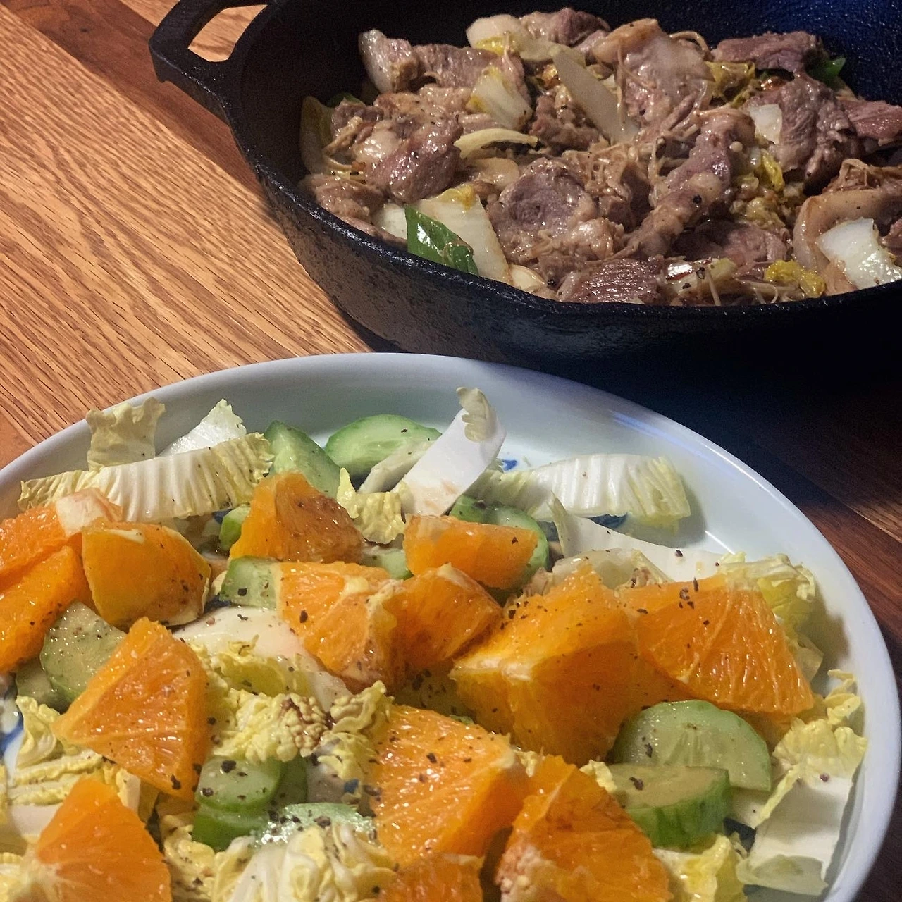 냉장고 파먹기. 시들어가는 오이, 알배추, 오렌지도 그럴싸한 샐러드. 냉동실 고기는 목심구이, 제육볶음, 가지고기볶음 등 다양하게 변주하는 #마냐밥상. H에게 가면서 섬초가 달큰한 계절이라, 시금치를 무치고, 고기 없이 들기름에 무를 볶아 뭉근히 끓인 무국 준비했어요. H 어머님표 굴전과 고사리나물, J이 사온 박고지 김밥까지 완벽한 식탁. 당분간 다시 집밥으로 돌아가야할지..당장 내일 저녁 약속이 취소됐네요.
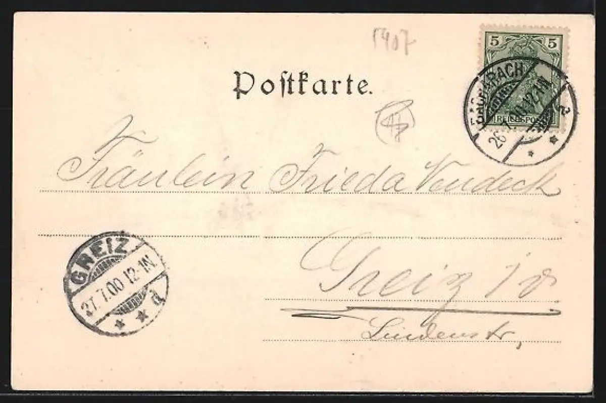 alte Ansichtskarte, gelaufen 1900, Stempelspur, guter Zustand
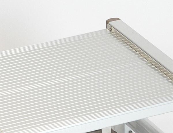 天板は清潔で丈夫なアルミニウム製。耐久性が高く、汚れが付着した際のお手入れも簡単です。
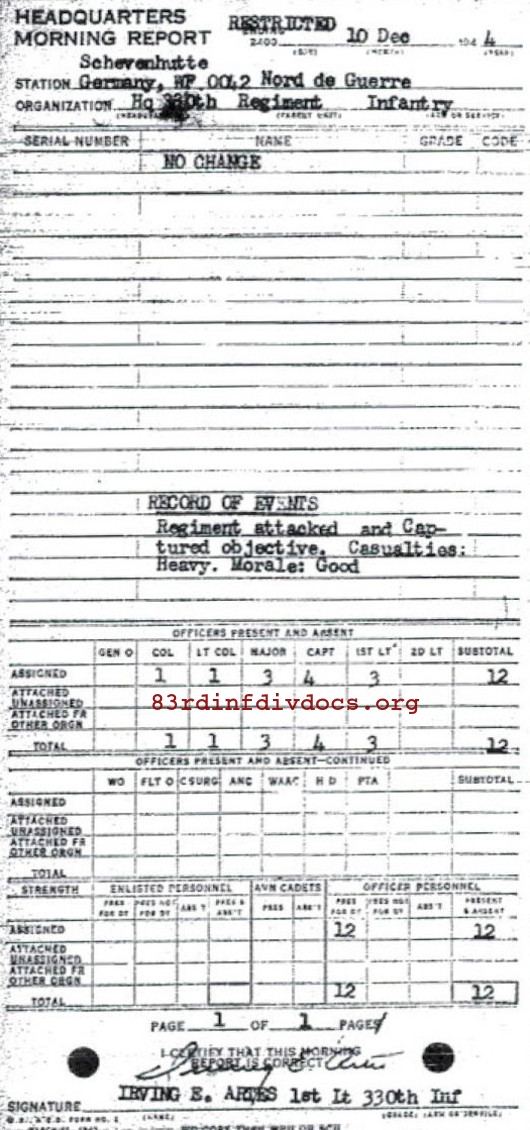 Regiment attacked and captured objective. Casualties heavy. Morale good.
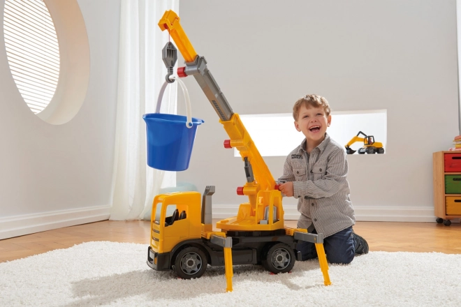 Mehanički kotačići za izvlačenje i podizanje kraka te vitlo s užetom donose autentičnu gradilišnu zabavu i potiču razvoj motorike.
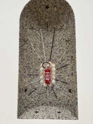 2025年「威尼斯建築雙年展」波蘭館以幽默且富想像力的方式,探討建築如何在現代社會提供安全感。現場有專為滅火器設計的壁龕,鑲嵌裝飾性的石頭與貝殼,將日常的安全設備提升為如同家神般的存在。

┄┄┄┄┄┄

◆ WORK REQUEST: Please return the entries above exactly as they appear, but without the pictures.

◆ RESPONSE TO THIS TASK:
 냉장고 파먹기. 시들어가는 오이, 알배추, 오렌지도 그럴싸한 샐러드. 냉동실 고기는 목심구이, 제육볶음, 가지고기볶음 등 다양하게 변주하는 #마냐밥상. H에게 가면서 섬초가 달큰한 계절이라, 시금치를 무치고, 고기 없이 들기름에 무를 볶아 뭉근히 끓인 무국 준비했어요. H 어머님표 굴전과 고사리나물, J이 사온 박고지 김밥까지 완벽한 식탁. 당분간 다시 집밥으로 돌아가야할지..당장 내일 저녁 약속이 취소됐네요.
 alte Ansichtskarte, gelaufen 1900, Stempelspur, guter Zustand
 天板は清潔で丈夫なアルミニウム製。耐久性が高く、汚れが付着した際のお手入れも簡単です。
 Regiment attacked and captured objective. Casualties heavy. Morale good.
 Mehanički kotačići za izvlačenje i podizanje kraka te vitlo s užetom donose autentičnu gradilišnu zabavu i potiču razvoj motorike.
 2025年「威尼斯建築雙年展」波蘭館以幽默且富想像力的方式,探討建築如何在現代社會提供安全感。現場有專為滅火器設計的壁龕,鑲嵌裝飾性的石頭與貝殼,將日常的安全設備提升為如同家神般的存在。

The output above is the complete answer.